Rhys Davies died 21 August 1978 at St Pancras Hospital, Camden. A dozen of his best stories had been selected by him for republication and these were published as The Best of Rhys Davies (1979). In 1990 the Rhys Davies Trust was established to promote English writing by Welsh people. The Rhys Davies short story competition was first held in 1991 and was organised by the Academi in conjunction with the Rhys Davies Trust who sponsored the event.

Abse, Dannie

  • n 50036868
  • Person
  • 1923-2014

Dannie Abse was born in 1923 in Cardiff, Glamorgan. He studied at the Welsh National School of Medicine, and at King's College and Westminster Hospital in London, qualifying as a doctor in 1943. He entered clinical practice, and was a specialist at the Central Medical Establishment chest clinic, 1954-1989. He is a prolific writer and poet. He is deeply interested by 1930s politics and the Spanish Civil War, which formed the background to his schooldays. His poetry is influenced by his Jewish heritage, Welsh nationality, and his life as a family man and a London suburban dweller. He has published seven volumes of poetry and seven plays. He was Senior Fellow of the Humanities at Princeton University (1973-1974), and president of the Poetry Society (1978-1992).
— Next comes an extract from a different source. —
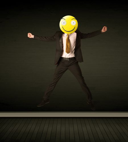 Funny businessman wears yellow smiley face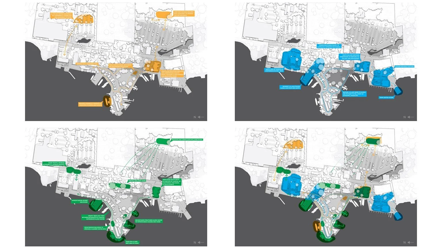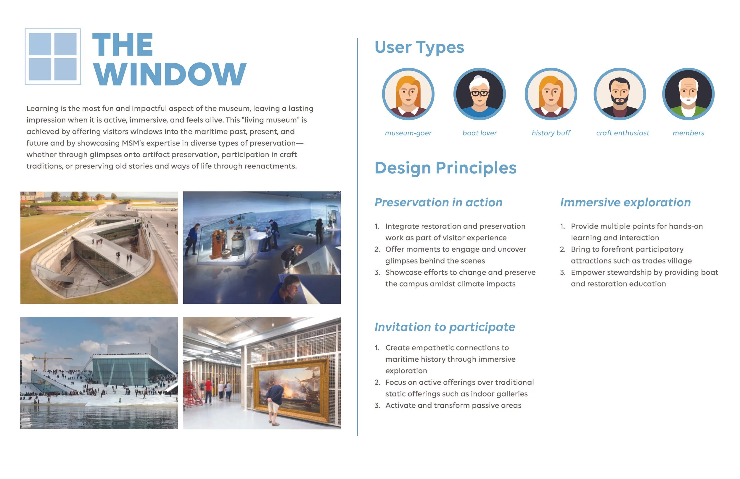 Vision 1, The Window, focused on immersive, learning experiences for visitors and showcased the Museum’s expertise in historic restoration beyond its curated collections. Vision 2, The Seaside Village, catered to those who like to gather, celebrate, or relax in a beautiful historic atmosphere, albeit without directly experiencing the Museum’s collections. Vision 3, The Maritime University, prioritized hosting academic researchers and conventions that leverage the Museum’s prominence in New England and maritime histories.

He became a Fellow of the Royal Society of Literature in 1983, Fellow of the Welsh Academy of Letters in 1992 (President since 1995), Honorary Fellow at the University of Wales College of Medicine (1999), and awarded an honorary doctorate by the University of Wales (1989) and the University of Glamorgan (1997). He was given a Cholmondeley Award (1985). Abse is married to the art historian Joan Mercer, and together they edited, Voices in the Gallery: Poems and Pictures (1986) and The Music Lover's Literary Companion (1988). They live in Glamorgan.